[[ Exercise inputs, beginning ]]
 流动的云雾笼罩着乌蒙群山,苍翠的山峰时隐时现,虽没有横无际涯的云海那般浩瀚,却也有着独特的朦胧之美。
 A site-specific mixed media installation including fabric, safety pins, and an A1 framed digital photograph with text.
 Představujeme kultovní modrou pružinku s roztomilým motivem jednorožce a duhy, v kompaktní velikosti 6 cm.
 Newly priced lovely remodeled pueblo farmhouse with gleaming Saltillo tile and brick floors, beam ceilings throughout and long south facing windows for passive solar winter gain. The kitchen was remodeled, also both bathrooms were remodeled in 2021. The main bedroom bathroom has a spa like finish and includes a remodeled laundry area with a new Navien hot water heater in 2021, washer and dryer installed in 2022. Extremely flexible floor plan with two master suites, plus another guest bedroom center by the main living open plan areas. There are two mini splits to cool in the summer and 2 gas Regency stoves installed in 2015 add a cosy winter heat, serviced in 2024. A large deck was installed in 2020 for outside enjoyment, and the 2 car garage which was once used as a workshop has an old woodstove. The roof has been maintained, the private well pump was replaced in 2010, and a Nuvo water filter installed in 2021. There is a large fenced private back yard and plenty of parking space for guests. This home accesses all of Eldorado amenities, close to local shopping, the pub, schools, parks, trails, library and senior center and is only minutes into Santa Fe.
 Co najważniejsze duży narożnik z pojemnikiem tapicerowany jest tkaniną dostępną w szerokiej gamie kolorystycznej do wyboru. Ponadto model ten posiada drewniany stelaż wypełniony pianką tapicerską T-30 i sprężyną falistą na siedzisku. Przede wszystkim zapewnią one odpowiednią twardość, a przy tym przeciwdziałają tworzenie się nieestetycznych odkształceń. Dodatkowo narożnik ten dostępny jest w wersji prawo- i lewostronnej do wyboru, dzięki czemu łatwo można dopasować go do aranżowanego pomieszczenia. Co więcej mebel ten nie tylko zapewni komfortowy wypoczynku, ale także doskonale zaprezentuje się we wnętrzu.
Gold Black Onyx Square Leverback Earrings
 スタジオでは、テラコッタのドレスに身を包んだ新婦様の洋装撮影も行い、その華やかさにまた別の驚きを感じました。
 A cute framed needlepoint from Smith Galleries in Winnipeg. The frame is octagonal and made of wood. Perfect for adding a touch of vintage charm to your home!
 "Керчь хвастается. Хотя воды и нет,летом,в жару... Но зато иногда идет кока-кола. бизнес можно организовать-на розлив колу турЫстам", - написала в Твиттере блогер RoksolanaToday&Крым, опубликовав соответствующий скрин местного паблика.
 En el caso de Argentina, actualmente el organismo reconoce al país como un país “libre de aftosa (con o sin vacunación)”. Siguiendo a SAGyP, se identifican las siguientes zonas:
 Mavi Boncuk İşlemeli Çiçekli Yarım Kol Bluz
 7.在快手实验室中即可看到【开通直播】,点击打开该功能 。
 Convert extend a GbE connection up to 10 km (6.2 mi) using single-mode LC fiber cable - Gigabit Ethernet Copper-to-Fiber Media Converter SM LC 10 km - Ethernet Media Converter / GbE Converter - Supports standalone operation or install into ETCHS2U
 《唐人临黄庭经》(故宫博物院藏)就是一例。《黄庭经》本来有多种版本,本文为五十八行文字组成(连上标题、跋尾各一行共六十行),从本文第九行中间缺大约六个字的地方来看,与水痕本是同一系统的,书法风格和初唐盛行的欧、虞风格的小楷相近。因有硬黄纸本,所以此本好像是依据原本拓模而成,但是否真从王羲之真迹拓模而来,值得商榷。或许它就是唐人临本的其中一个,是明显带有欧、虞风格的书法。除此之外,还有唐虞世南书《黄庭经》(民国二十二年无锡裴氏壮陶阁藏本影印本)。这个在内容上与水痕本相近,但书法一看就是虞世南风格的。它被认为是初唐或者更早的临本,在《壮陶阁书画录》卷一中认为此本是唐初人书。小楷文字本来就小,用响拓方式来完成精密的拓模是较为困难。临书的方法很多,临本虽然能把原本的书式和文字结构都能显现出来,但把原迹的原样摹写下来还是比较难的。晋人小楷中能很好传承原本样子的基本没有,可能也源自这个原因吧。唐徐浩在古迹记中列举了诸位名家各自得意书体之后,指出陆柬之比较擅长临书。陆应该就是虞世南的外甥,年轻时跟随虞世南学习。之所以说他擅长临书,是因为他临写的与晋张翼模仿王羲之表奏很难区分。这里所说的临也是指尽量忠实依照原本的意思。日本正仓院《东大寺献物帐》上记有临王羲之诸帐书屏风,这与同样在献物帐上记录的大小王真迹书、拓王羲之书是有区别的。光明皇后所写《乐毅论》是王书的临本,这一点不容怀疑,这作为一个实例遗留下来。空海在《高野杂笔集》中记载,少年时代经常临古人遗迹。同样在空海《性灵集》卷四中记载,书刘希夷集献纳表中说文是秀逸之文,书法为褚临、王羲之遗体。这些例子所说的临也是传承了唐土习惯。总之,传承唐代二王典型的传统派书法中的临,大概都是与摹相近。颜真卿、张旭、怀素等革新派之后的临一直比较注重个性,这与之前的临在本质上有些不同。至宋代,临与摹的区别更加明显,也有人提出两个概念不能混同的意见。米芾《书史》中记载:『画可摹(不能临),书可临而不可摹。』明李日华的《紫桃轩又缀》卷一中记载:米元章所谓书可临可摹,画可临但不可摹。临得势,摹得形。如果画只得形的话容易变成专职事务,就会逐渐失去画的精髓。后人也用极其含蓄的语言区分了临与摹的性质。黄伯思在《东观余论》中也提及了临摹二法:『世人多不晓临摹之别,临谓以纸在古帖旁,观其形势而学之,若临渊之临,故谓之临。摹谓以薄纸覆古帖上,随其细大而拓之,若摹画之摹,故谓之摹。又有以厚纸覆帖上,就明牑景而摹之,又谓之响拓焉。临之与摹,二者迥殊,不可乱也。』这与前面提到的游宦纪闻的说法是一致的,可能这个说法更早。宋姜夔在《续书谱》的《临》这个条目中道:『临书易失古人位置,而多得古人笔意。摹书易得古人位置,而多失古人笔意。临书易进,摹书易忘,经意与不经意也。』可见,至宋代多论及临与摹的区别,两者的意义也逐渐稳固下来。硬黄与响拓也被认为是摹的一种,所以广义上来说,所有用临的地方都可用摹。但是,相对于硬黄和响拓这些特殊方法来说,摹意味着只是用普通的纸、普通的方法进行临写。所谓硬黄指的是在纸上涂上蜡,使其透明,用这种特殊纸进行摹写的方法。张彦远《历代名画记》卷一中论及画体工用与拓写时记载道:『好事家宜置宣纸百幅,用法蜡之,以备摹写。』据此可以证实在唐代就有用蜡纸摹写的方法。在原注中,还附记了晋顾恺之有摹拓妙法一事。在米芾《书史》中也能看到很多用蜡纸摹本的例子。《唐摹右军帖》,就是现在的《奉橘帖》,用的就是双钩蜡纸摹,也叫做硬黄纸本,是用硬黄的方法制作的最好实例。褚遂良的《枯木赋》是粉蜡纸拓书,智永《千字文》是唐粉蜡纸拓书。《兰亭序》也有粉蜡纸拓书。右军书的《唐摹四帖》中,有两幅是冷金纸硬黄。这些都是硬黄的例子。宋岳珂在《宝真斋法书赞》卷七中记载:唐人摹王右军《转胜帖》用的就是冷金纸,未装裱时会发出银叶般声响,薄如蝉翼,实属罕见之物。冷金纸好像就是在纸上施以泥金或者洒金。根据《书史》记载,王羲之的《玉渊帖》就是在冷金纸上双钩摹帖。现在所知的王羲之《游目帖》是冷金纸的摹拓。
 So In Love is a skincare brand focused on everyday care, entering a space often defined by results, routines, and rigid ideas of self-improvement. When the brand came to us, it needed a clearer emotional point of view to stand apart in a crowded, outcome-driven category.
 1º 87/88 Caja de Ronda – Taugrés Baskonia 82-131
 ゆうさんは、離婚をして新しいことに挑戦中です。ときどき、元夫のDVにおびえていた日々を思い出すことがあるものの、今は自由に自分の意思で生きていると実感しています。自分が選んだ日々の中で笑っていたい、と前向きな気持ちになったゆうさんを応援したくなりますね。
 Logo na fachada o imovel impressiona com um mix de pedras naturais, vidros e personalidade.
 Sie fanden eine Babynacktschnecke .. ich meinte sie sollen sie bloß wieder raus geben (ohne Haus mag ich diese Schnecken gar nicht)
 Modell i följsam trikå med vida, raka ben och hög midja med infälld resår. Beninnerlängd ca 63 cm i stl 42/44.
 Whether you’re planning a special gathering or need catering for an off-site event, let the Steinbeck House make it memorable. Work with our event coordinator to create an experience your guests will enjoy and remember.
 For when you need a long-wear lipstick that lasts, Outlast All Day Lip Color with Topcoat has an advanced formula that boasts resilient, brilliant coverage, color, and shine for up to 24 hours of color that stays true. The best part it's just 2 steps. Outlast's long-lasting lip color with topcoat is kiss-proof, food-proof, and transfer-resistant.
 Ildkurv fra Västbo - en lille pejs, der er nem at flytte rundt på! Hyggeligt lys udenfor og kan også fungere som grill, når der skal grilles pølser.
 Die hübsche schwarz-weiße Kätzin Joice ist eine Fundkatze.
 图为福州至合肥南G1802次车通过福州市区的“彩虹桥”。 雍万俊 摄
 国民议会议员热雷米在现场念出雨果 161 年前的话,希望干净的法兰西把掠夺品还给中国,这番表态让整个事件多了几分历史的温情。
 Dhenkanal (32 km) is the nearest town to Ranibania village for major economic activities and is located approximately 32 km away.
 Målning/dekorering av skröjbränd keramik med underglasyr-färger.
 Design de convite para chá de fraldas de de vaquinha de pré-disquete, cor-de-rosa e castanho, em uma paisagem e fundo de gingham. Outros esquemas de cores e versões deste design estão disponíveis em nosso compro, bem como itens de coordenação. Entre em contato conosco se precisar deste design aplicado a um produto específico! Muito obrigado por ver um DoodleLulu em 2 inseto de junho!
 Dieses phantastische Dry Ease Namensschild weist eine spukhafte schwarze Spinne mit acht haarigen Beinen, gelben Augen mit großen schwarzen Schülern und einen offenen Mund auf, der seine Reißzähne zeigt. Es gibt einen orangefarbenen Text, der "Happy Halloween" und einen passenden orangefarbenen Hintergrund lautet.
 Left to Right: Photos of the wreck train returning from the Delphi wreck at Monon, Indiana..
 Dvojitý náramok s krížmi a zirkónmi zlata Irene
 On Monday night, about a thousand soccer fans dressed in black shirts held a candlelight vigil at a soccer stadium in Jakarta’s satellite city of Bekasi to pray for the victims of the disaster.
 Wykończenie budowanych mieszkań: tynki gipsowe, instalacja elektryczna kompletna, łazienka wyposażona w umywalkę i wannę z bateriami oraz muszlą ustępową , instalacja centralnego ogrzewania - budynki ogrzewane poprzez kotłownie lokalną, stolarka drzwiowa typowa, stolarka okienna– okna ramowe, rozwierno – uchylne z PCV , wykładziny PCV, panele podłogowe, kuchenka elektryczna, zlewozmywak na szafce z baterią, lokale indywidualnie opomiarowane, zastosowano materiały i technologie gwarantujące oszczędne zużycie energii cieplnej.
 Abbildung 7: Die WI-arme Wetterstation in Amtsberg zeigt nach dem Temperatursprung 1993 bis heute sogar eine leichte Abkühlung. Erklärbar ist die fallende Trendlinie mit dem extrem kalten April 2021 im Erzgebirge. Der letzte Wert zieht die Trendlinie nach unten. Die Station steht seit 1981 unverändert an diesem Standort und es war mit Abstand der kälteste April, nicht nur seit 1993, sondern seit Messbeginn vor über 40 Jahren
[[ Exercise inputs, end ]]
• Work instructions:
Reproduce the entries above exactly, starting at their first line and finishing with the line that contains "Představujeme kultovní modrou".

• Task answer:
 流动的云雾笼罩着乌蒙群山,苍翠的山峰时隐时现,虽没有横无际涯的云海那般浩瀚,却也有着独特的朦胧之美。
 A site-specific mixed media installation including fabric, safety pins, and an A1 framed digital photograph with text.
 Představujeme kultovní modrou pružinku s roztomilým motivem jednorožce a duhy, v kompaktní velikosti 6 cm.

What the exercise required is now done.